Jeopardy! and oncology are different tasks
With Jeopardy!, Watson has the perfect scenario. The question-and-answer format is specific and defined. Watson was trained on and tested with quiz questions written in the same style. Therefore, the collection and preparation of data for analytics is relatively straightforward. All Watson needs is tremendous computational power to crunch through lots of data and determine the most likely answer.
On the other hand, oncology contains more complexity. In fact, oncology is several problems rolled into one: diagnostics, culling information from previous journal publications and analyzing the unstructured patient information. While AI does well analyzing the quantitative data in lab results, it does not yet have the capability to analyze texts that are rich in context and nuance.
Almost every journal article and doctor’s note is written by a different author, and each has varying use of jargon and shorthand. Parsing out the content and the relationship between different components (genetic mutations, symptoms, signaling pathways, etc.) in a ten-page, densely written journal article is much more complex than dissecting a one-sentence Jeopardy! question. Humans find it comparatively easy to figure out which of the multiple points made in the paper is most crucial in a particular context; in comparison, Ais such as Watson can’t pick up such nuance easily.
Similarly, doctors’ notes often contain incomplete information and details that are vaguely written or not organized in chronological order. Humans can decide which detail is more crucial in a particular context, but AI can only work according to a defined protocol; as a result, these system do not have the flexibility to weigh one type of detail against others in one paper and do the opposite in the next paper.

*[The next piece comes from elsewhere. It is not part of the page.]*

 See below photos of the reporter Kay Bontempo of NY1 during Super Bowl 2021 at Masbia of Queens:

Moreover, there are what engineers refer to as the “unknown unknowns”, which may introduce bias that affects your analysis without you realizing it. Here, the unknown unknown may be mechanisms, genes, pathways, or interactions whose connection with cancer have not been identified. While these also pose a problem to humans, our brains are more flexible in assessing the significance of the unknown unknowns. However, AI are less effective in assessing these variables without prior instruction. Lastly, if the doctors have biases, then Watson will inherit their bias via training with their notes; the bias may affect the accuracy of the diagnosis.
As a result, collecting and preparing data from journal articles and doctors’ notes for analytics will be messy. The same The Oncologist paper that showed Watson’s proficiency in diagnostics also observed that Watson scored poorly for time-dependent, complex recommendations like therapy timelines. In addition, Watson performed inconsistently during its evaluation of different types of cancers, doing better in some types than others.

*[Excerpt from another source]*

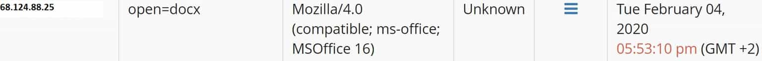 In this scenario, we counted how many victims try to open a Word document delivered to their email address. We didn’t place any macro inside the document, we only embedded a picture object that is loaded from an external URL (our HTTP handler).

What Watson does well in medicine
AI systems like Watson can still have broad applications in medicine. AI or AI-powered robots excel in performing repetitive tasks with defined steps, such as simple routine surgeries of the eye or hair, analysis of X-rays or other scans, checking on patients between office visits and handling administrative billing or claims.
Watson has also had success analyzing clear, structured data such as genetic information. For example, the University of North Carolina recently published a paper on the effectiveness of Watson Genomics. During a study, Watson was able to identify previously unidentified mutations that proved important to therapeutic recommendations.
Right now, AI already has broad applications in the manufacturing sector. By taking over tasks that are repetitive, tedious and dangerous, AI leaves humans to do more complex and nuanced problem-solving. This way, AI and humans can work side-by-side to achieve higher efficiency and lower inaccuracy.
The same lesson can be applied to healthcare, where AI takes on the more menial tasks and leaves the humans to deal with the ambiguity and complex.
Meanwhile, continuously retraining of the algorithm with new data, such as novel genes, pathways and biomarkers that are involved, may reinforce AI’s learning and improve its accuracy.